Awarding Agency: Department of Veterans Affairs
Start Date: 2025-03-20
End Date: 2026-11-18
Contract Duration: 608 days
Daily Burn Rate: $3.3K/day
Competition Type: FULL AND OPEN COMPETITION AFTER EXCLUSION OF SOURCES
Number of Offers Received: 4
Pricing Type: FIRM FIXED PRICE
Sector: Construction
Official Description: CORRECT HVAC SPS - LEBANON
Place of Performance
Location: LEBANON, LEBANON County, PENNSYLVANIA, 17042
Plain-Language Summary
Department of Veterans Affairs obligated $2.0 million to SENATE BUILDERS & CONSTRUCTION MANAGERS, INC. for work described as: CORRECT HVAC SPS - LEBANON Key points: 1. Contract awarded through full and open competition, suggesting a competitive bidding process. 2. The contract duration of 608 days indicates a medium-term project. 3. The firm-fixed-price structure shifts cost risk to the contractor. 4. The North American Industry Classification System (NAICS) code 236220 points to commercial and institutional building construction. 5. The award was made by the Department of Veterans Affairs, aligning with its mission to support veterans. 6. The contract is a delivery order, likely part of a larger indefinite-delivery/indefinite-quantity (IDIQ) contract.
Value Assessment
Rating: good
The contract value of approximately $2 million for HVAC services appears reasonable for a project of this scope and duration. Benchmarking against similar VA contracts for building maintenance and construction in the region would provide a more precise value-for-money assessment. The firm-fixed-price contract type suggests that the contractor has assumed the risk for cost overruns, which is generally favorable for the government.
Cost Per Unit: N/A
Competition Analysis
Competition Level: full-and-open
This contract was awarded under 'full and open competition after exclusion of sources,' indicating that the solicitation was broadly advertised, and all responsible sources were permitted to submit offers. The presence of 4 bids suggests a healthy level of competition for this requirement, which typically leads to better pricing and service options for the government.

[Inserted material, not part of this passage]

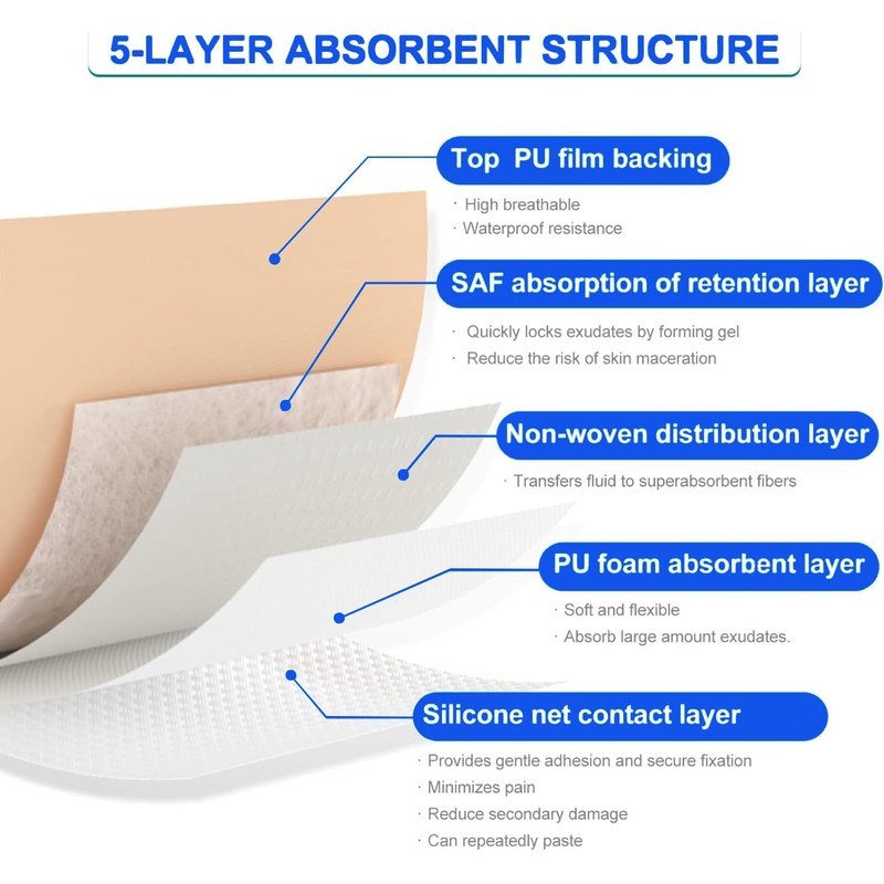 - HEAVY ABSORPTION, FEWER CHANGES: The thick foam core rapidly absorbs and locks away large volumes of exudate. This high-capacity silicone foam dressing 4x4 stays securely in place much longer than traditional gauze, requiring fewer changes C perfect for daily life and clinical wound care.

Taxpayer Impact: The competitive nature of this award is beneficial for taxpayers as it likely resulted in a more cost-effective solution compared to a sole-source or limited competition scenario.
Public Impact
Veterans receiving services at VA facilities in Lebanon, Pennsylvania, will benefit from improved and reliable HVAC systems. The contract ensures the continued operation and maintenance of critical infrastructure at a VA facility. Local and regional construction and HVAC service providers had the opportunity to bid on this work. The project will likely support skilled labor jobs in the construction and maintenance sectors within Pennsylvania.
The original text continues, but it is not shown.